Gov. Ron DeSantis is among the most influential conservatives calling on the Supreme Court to revisit The New York Times Company v. Sullivan.

When Gov. Ron DeSantis of Florida convened a round-table discussion about the news media this week, he spared no effort to play the part, perching at a faux anchor’s desk in front of a wall of video screens while firing questions to his guests like a seasoned cable TV host.

But the panel’s message was as notable as its slick presentation: Over the course of an hour, Mr. DeSantis and his guests laid out a detailed case for revisiting a landmark Supreme Court decision protecting the press from defamation lawsuits.

Mr. DeSantis is the latest figure, and among the most influential, to join a growing list of Republicans calling on the court to revisit the 1964 ruling, known as The New York Times Company v. Sullivan.

The decision set a higher bar for defamation lawsuits involving public figures, and for years it was viewed as sacrosanct. That standard has empowered journalists to investigate and criticize public figures without fear that an unintentional error will result in crippling financial penalties.

But emboldened by the Supreme Court’s recent willingness to overturn longstanding precedent, conservative lawyers, judges, legal scholars and politicians have been leading a charge to review the decision and either narrow it or overturn it entirely.
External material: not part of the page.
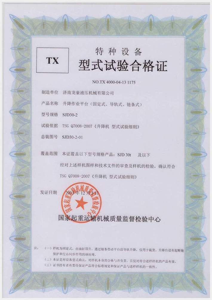 導(dǎo)軌式升降機合格證

Mr. DeSantis, a likely Republican presidential candidate, put the effort at the center of his war against the mainstream media.

“How did it get to be this doctrine that has had really profound effects on society?” he said at the event, which featured two libel lawyers known for suing news organizations and a conservative scholar who recently published an essay titled “Overturn New York Times v. Sullivan.”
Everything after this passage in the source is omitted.